Exercise aim:
Please set down only the lines below starting with the line with "Это особенный день" and going on through the line with "The Wild Manes", verbatim and without pictures.

:: Provided records ::

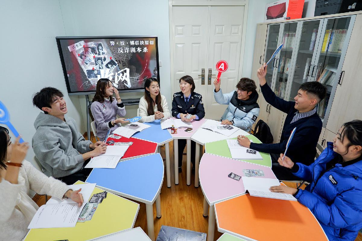 11月17日,山東省煙臺(tái)市公安局萊山分局民警在煙臺(tái)大學(xué)組織開展名為《收網(wǎng)》的劇本殺反詐宣傳,讓學(xué)生們通過(guò)角色扮演,在虛擬交鋒中錘煉現(xiàn)實(shí)防騙能力。
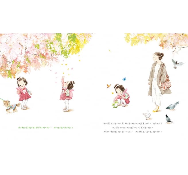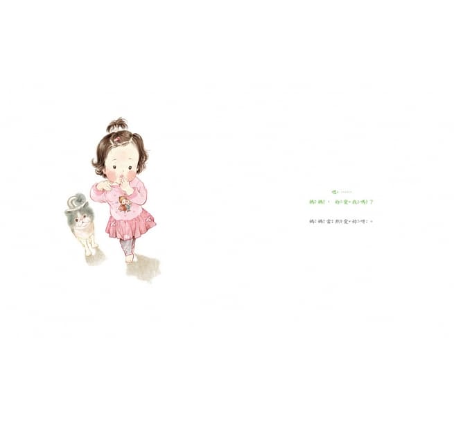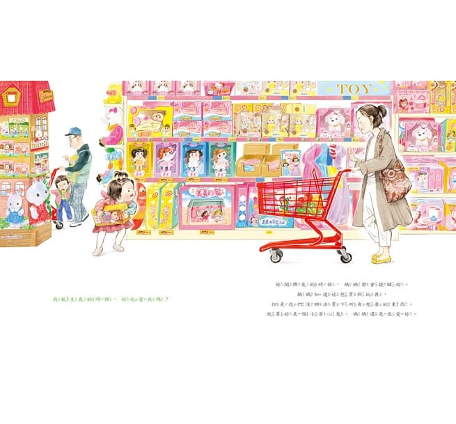 「媽媽,妳愛我嗎?」小女孩抬起頭來,有點緊張地看著媽媽。直到聽見那句「媽媽當然愛妳呀!」她鬆了一口氣,可是很快又接著問,那我動作慢吞吞的時候呢?我好膽小,不敢打針,在診所裡哭哭的時候呢?我在玩具店裡鬧脾氣耍賴的時候呢?還有上台表演不小心出錯的時候……媽媽也愛我嗎?
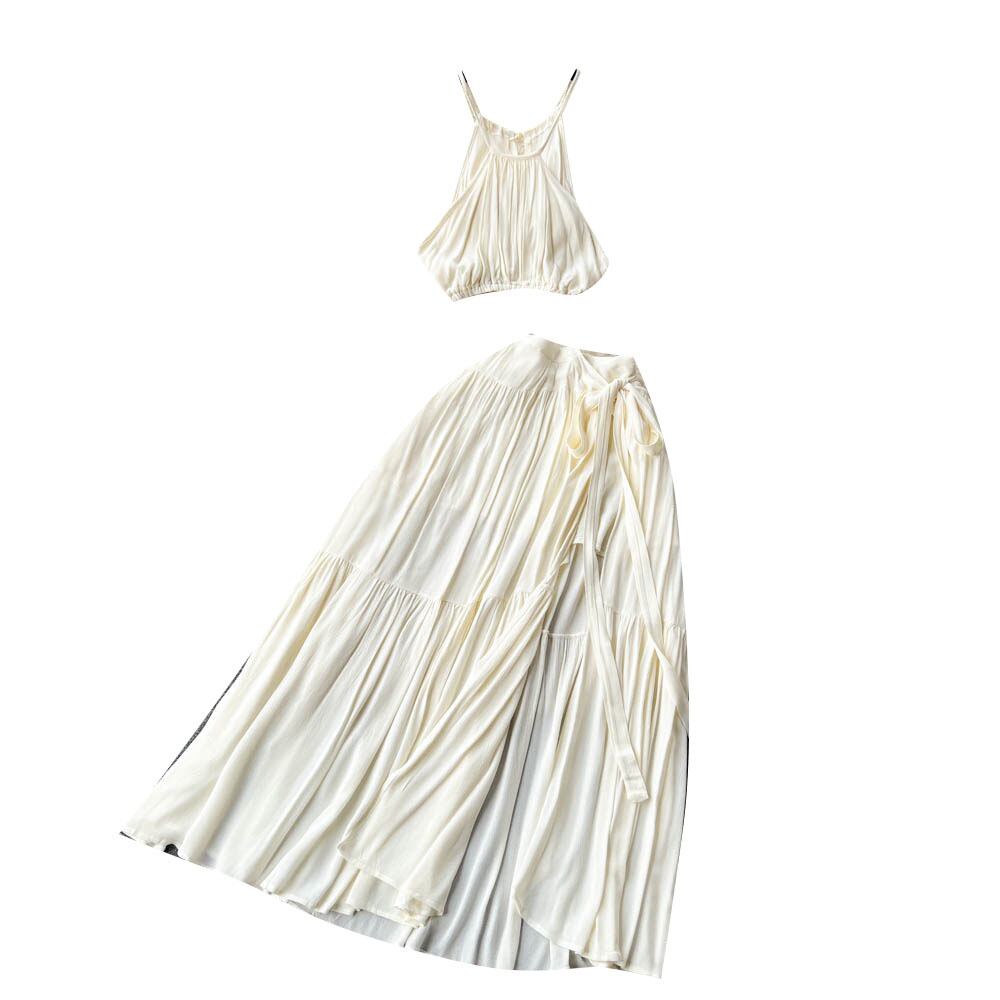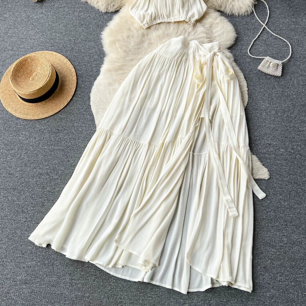 シーサイドホリデースタイルスーツレディースサマースリングチューブトップクロップトップ+カジュアルルーズストラップミドル丈スカート 夏物 lyxaj3220380783
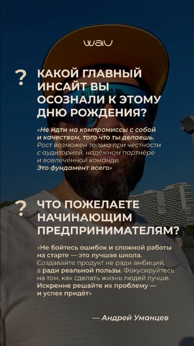 Это особенный день для всей команды Поздравляем! Желаем невероятных успехов! Задали несколько интересных вопросов основателю в честь его дня Делимся с вами 💛 Поздравить Андрея можно в комментариях, он все прочитает!✨
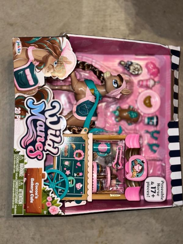 The Wild Manes Cocoa's Bakery Cafe toy is one of the cutest sets I have ever seen. Cocoa is a beautiful horse that has a ton of accessories and also has a Bakery Cafe. I love when sets come with all of the little accessories because it keeps my daughters attention for hours. She can also use the Bakery with her other toys. The horse is poseable, and the cafe is really well made. This a great addition to our collection.
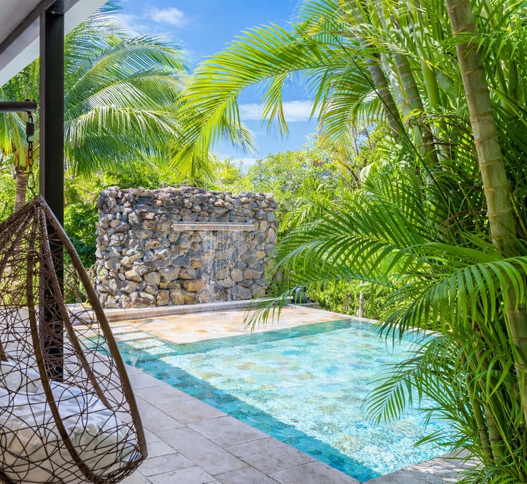 Delightful bedrooms that allow sunlight and fresh air to enter, creating a serene and welcoming atmosphere. The beautiful blue pool glistens under the warm sun, inviting you for a refreshing swim, while the lush greenery surrounding the area adds a vibrant touch to the overall aesthetic. Each morning can feel like a vacation, as you wake up to the gentle sounds of nature and the comforting sight of a picturesque landscape right outside your window. It's truly a nice way to start your day, surrounded by beauty and tranquility.
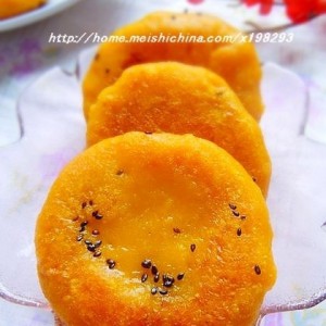 饼铛抹油,油热后,煎南瓜饼两面有火花,金黄就可以了
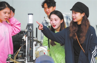 ▲安徽藝術(shù)學(xué)院傳媒學(xué)院教師張雷雷(右一)對(duì)參加大學(xué)生講思政課的學(xué)生進(jìn)行專業(yè)輔導(dǎo)。
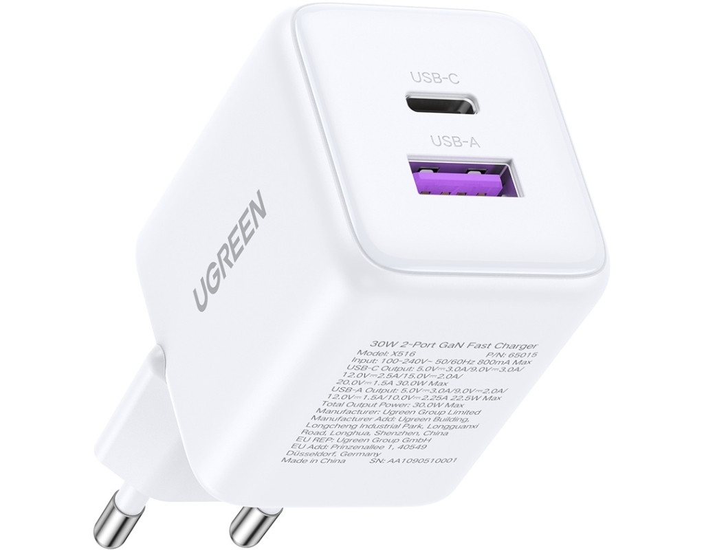 | Ugreen X516 - універсально сумісний мережевий зарядний пристрій з інноваційною технологією GaN, яка забезпечує високу потужність в компактному корпусі.
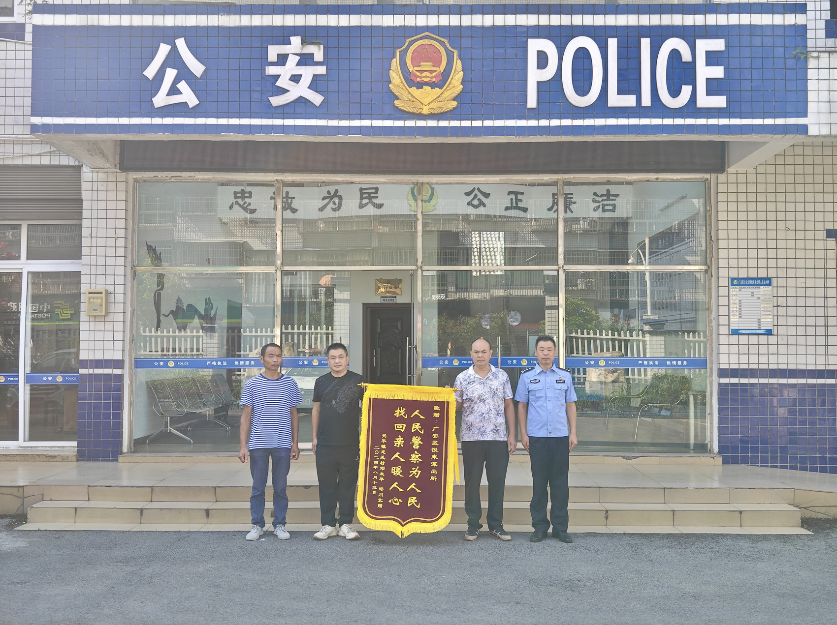 “警察同志,实在是太感谢你们了。”8月13日上午,广安市公安局广安区分居悦来派出所内,来自广安区兴平镇龙孔村的邓太平、邓川北两兄弟将一面锦旗送到民警手中,表达对派出所全体人员的感激之情。
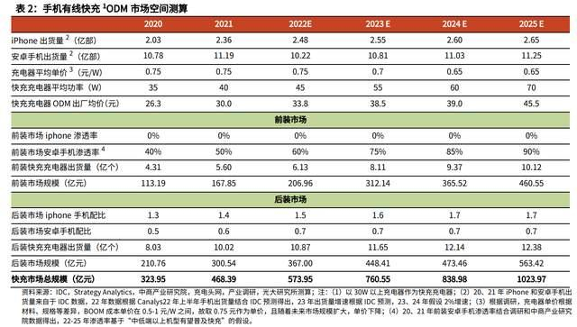 在前装大功率化+后装需求提升趋势下,预计手机快充 ODM 代工市场 2025 年将超千亿元。
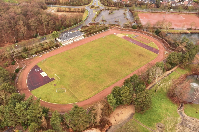 - geplante Maßnahmen: Komplettsanierung der Rasenfläche samt Unterbau und Beregnungsanlage; Neuerrichtung der Umlaufbahn mit Kunststoffbelag einschließlich der leichtathletischen Segmente, Erweiterung um Stabhochsprunganlage inklusive Matte und Abdeckung; Erneuerung der gepflasterten Bereiche und des den Innenraum umgebenden Geländers; Errichtung einer neuen Flutlichtanlage; Modernisierung der Stromversorgung; Schaffen neuer Lagergaragen
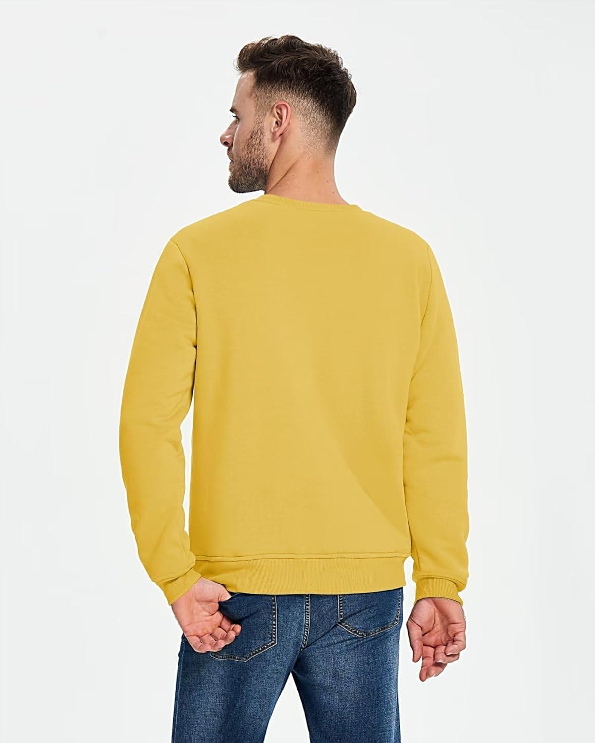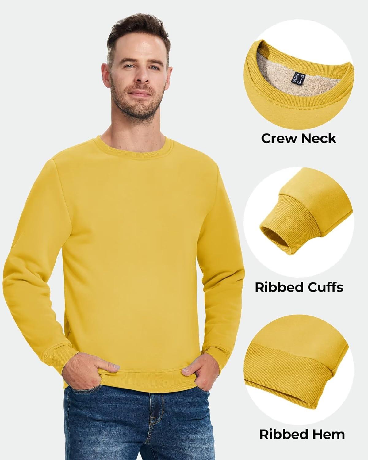 Boladeci Men’s Full Sherpa Lined Crewneck Sweatshirts Heavy-weight Fleece Pullover Thick Thermal Long Sleeve Cotton(Yellow)
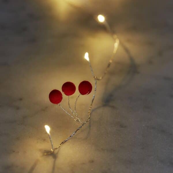 Skab en hyggelig stemning med denne dekorative LED lyskæde med 20 små varm hvide lys. Lyskæden er elegant pyntet med små røde kugler, som giver et festligt og stilfuldt udtryk perfekt til både hverdag og særlige lejligheder. Ideel til dekoration af borde
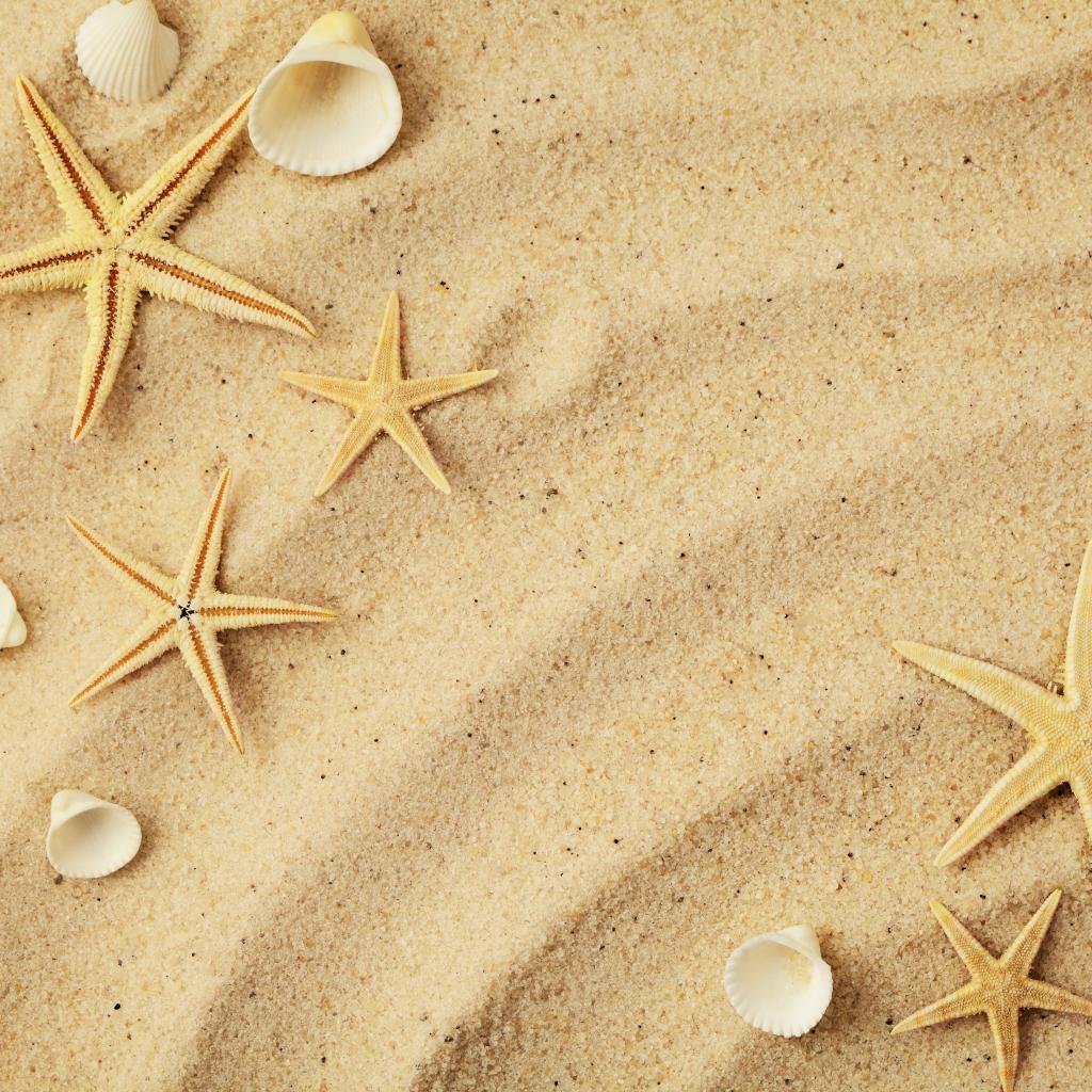 Обои Морские звезды с белыми ракушками на желтом песке

:::

Answer to this exercise:
 Это особенный день для всей команды Поздравляем! Желаем невероятных успехов! Задали несколько интересных вопросов основателю в честь его дня Делимся с вами 💛 Поздравить Андрея можно в комментариях, он все прочитает!✨
 The Wild Manes Cocoa's Bakery Cafe toy is one of the cutest sets I have ever seen. Cocoa is a beautiful horse that has a ton of accessories and also has a Bakery Cafe. I love when sets come with all of the little accessories because it keeps my daughters attention for hours. She can also use the Bakery with her other toys. The horse is poseable, and the cafe is really well made. This a great addition to our collection.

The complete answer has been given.